Description: High-performance data engine for AI and multimodal workloads. Process images, audio, video, and structured data at any scale
View eventual-inc/daft on GitHub ↗
Daft is an open-source library developed by Eventual Inc. designed to simplify and accelerate the development of production-grade data pipelines, particularly those leveraging Apache Spark and Delta Lake. It aims to bridge the gap between the expressiveness of Pandas and the scalability of Spark, allowing data scientists and engineers to write data transformations using familiar Pandas-like syntax that seamlessly compiles down to optimized Spark code. Essentially, Daft provides a higher-level API for Spark, making it more accessible and efficient for a wider range of users.

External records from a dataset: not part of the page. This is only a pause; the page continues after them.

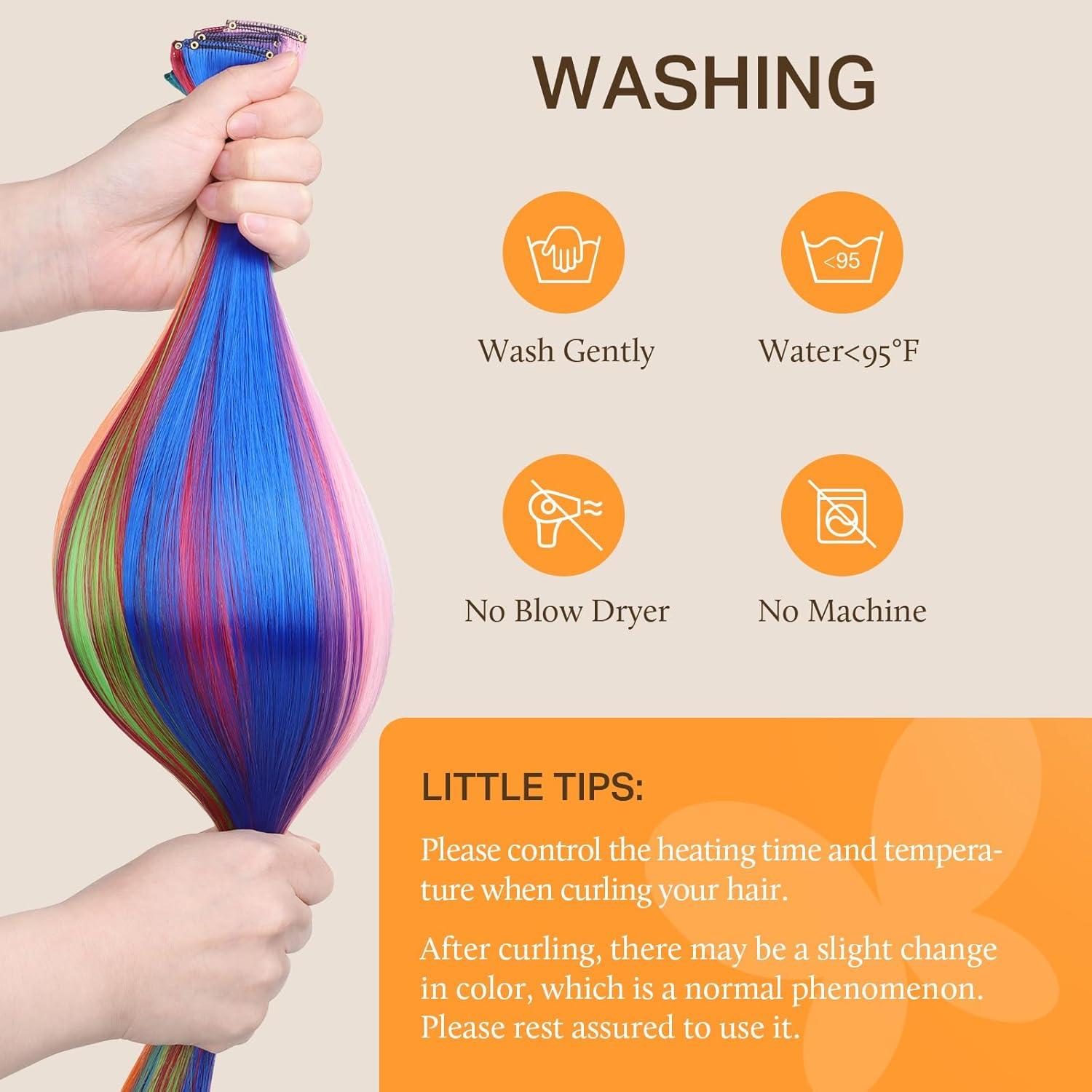 Occasions for color hair extensions: Perfect for any festive events/ everyday dress up and parties. Colorful clip in hair extensions also is a great gift for children, especially for little girls who love to dress up and love rainbow colors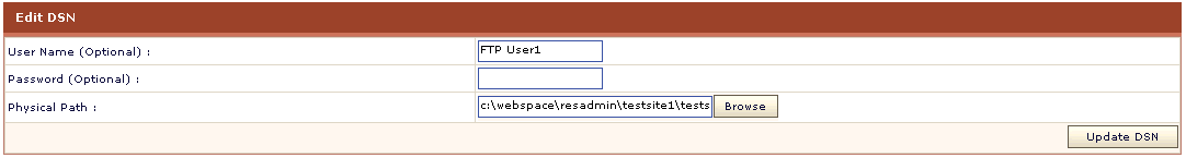 Update the User name, Password and Physical Path as required and click the Update DSN button.
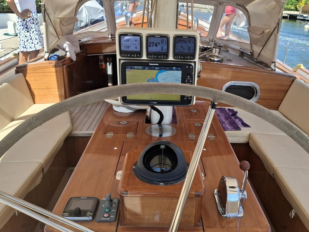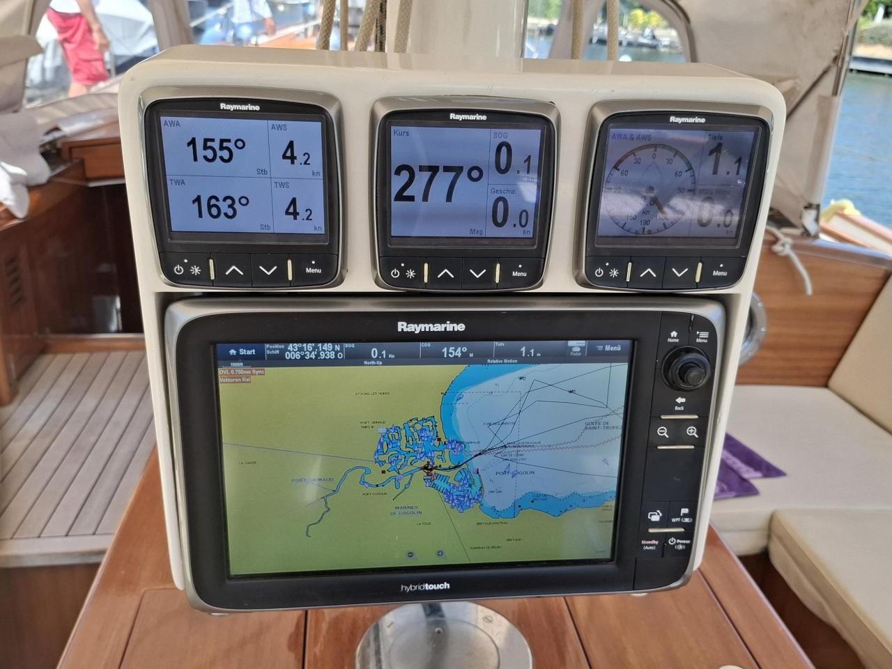 Radar HD couleur Raymarine GPS traceur E125 (cockpit) + afficheurs i70 intérieurs Raymarine Hybridtouch Pilote automatique Raymarine SPX30 AIS 650 Raymarine VHF fixe Raymarine VHF portable Raymarine Balise de détresse Antenne TV satellite KVH M2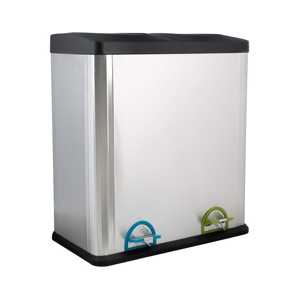 Do your part by recycling without adding any hassle to your day. The Organize It All Neu Home Step-On 16 Gallon Recycle Bin is designed for ease of use. It features side-by-side recycle bins with independent lids, handles and foot pedals. Organize It All Neu Home Step-On 16 Gallon Recycle Bin: Constructed from stainless steel with plastic liners for durability Side-by-side double compartment recycle bin; 16-gallon capacity 16-gallon capacity Details include foot pedals, bucket handles, and independent lids Wipes down for easy cleaning; smaller size and 3-bin version also available **Dimensions:** 23-1/8 inches wide by 13-1/2 inches deep by 25-1/2 inches high **A Closer Look:** Constructed from stainless steel with plastic liners for durability. **Take Care:** Wipes down for easy cleaning.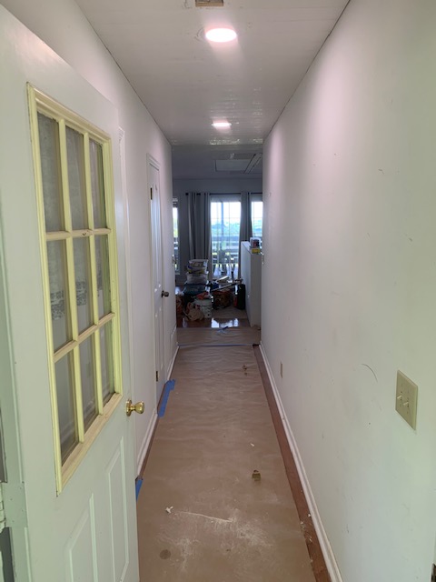 We do still have to switch out the electrical outlets and switches and put up the trim around the ceiling and paint, but we’re close with the hall now. And here’s a look at the (almost) finished product.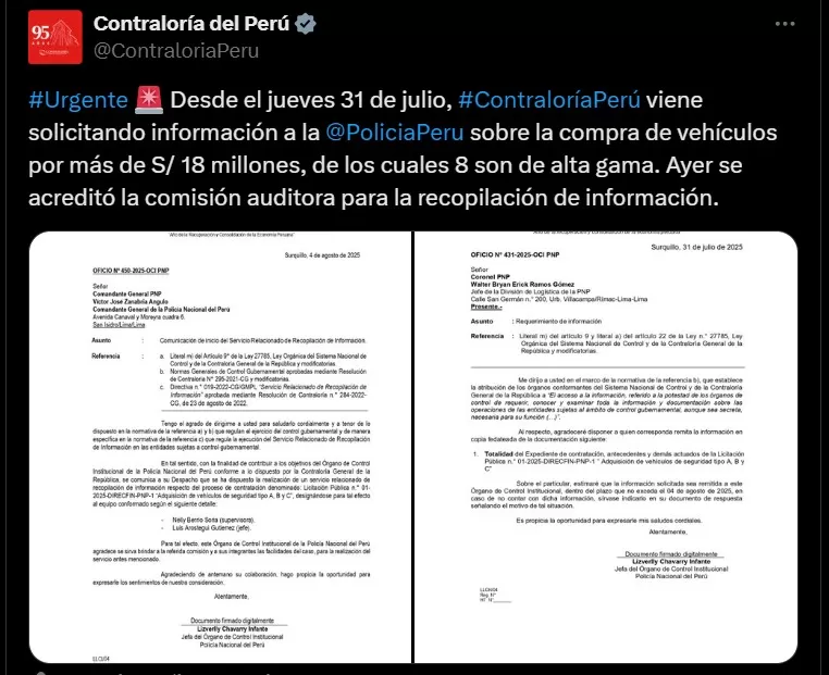 La Contraloría General de la República inició un proceso de recopilación de información en la Policía Nacional del Perú (PNP) tras conocerse la compra de vehículos de alta gama por más de 18 millones de soles.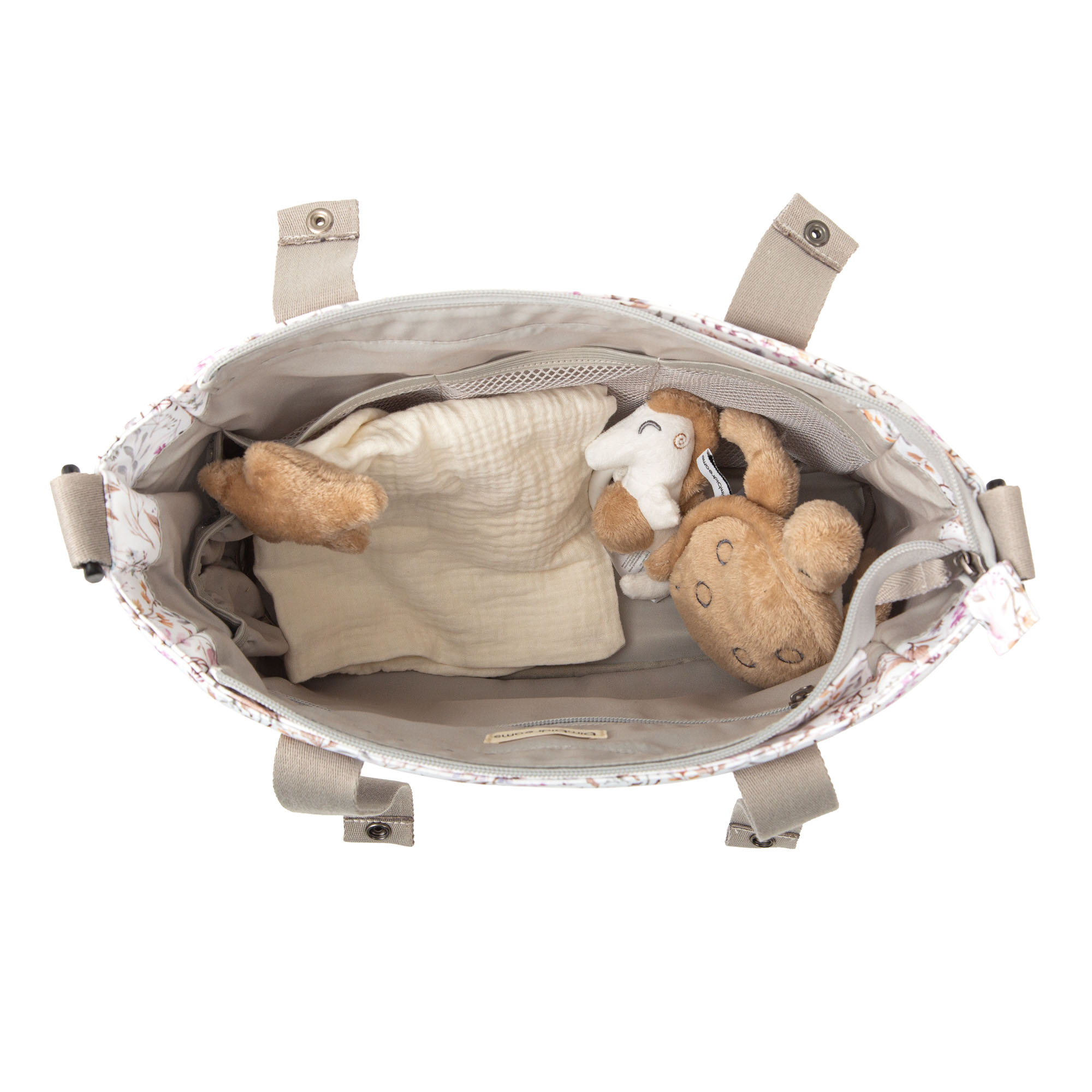 Bolso muy práctico para llevar lo necesario de tu bebé Incluye un cambiador que abierto mide 32 x 54 cm Dispone de asa larga y 2 asas cortas para colgar del manillar del cochecito Medidas: 37 x 24x 13 cm de hondo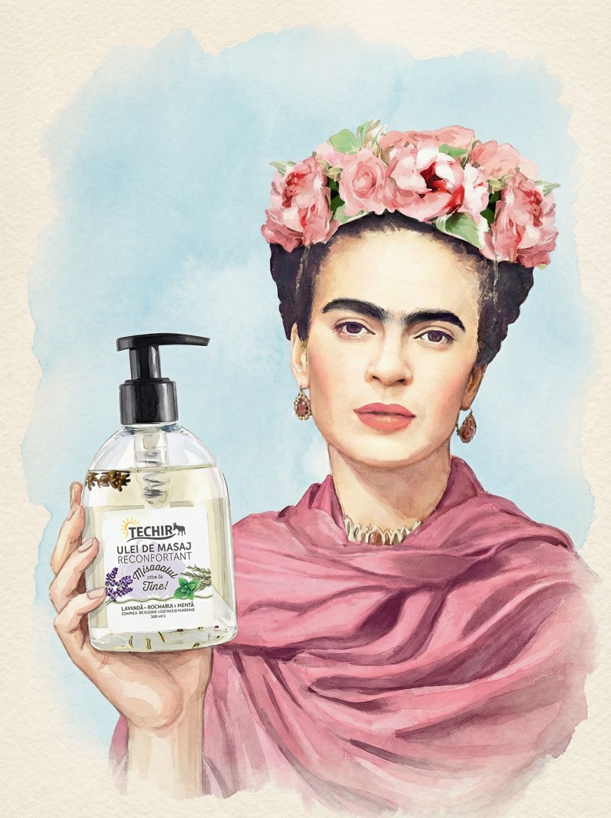 Un ulei creat pentru momentele când corpul cere blândețe și reconectare. Combinația de lavandă, mentă și rozmarin acționează sinergic – calmează durerile musculare și articulare, stimulează circulația și readuc echilibrul după efort sau tensiune acumulată. Uleiurile de struguri, avocado și ricin hrănesc pielea în profunzime, lăsând-o catifelată și elastică. Exact cum Frida înțelegea grija de sine: nu ca lux, ci ca necesitate. Nu ca abandon – ca reconectare. Descoperă uleiul de masaj.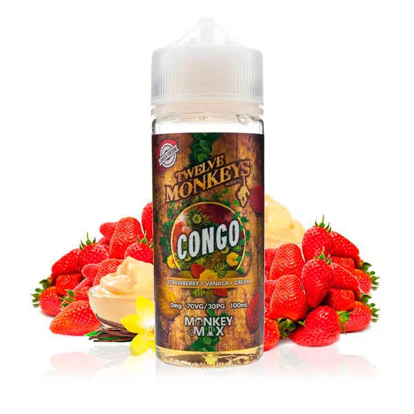Eliquid Twelve Monkeys Congo Cream 100ml is a delicious recipe that incorporates strawberry, vanilla and cream, the perfect combination for those with a sweet tooth. Experience the taste of this unique treasure!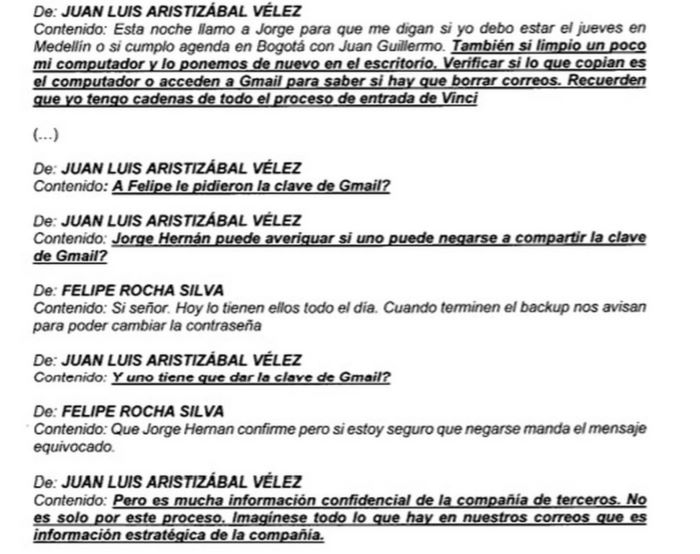 Otro parte del documento señala que Aristizábal Vélez y Tobón Nova, coordinaron por whatsapp el 22 de septiembre de 2016 la forma cómo evitarían entregar a las autoridades el computador del presidente de Conconcreto en caso de que les fuera solicitado.
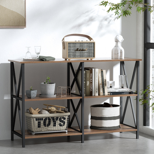 $302.09This wooden console table exudes a vintage charm and will be the centre of attraction for your interior. Made of solid mango wood, this entryway table is exceedingly stable and durable. Mango wood is a dense and robust hardwood which has beautiful brown or golden streaks and contours on its surface. The powder-coated steel frame brings extra stability. Every step of the process is carried out with the greatest care, be it polishing, painting or lacquering. Additionally, this hall table features 1 drawer and 2 compartments, providing ample space for storing your multimedia devices, books, as well as various other items. The console table is already assembled; no assembly is required. Important note: The wood grains vary from piece to piece, making each piece unique; the delivery is random.

At its core, Daft introduces the concept of a `daft.DataFrame`, which mirrors the Pandas DataFrame but operates on distributed data. This DataFrame isn't a direct wrapper around a Spark DataFrame; instead, it's a new data structure built on top of Apache Arrow, enabling zero-copy data sharing and efficient execution. Daft's compiler intelligently translates Pandas-like operations (filtering, grouping, aggregations, joins, etc.) into optimized Spark plans, leveraging Delta Lake for reliable data storage and versioning. A key benefit is automatic schema inference and type checking, reducing runtime errors common in traditional Spark development.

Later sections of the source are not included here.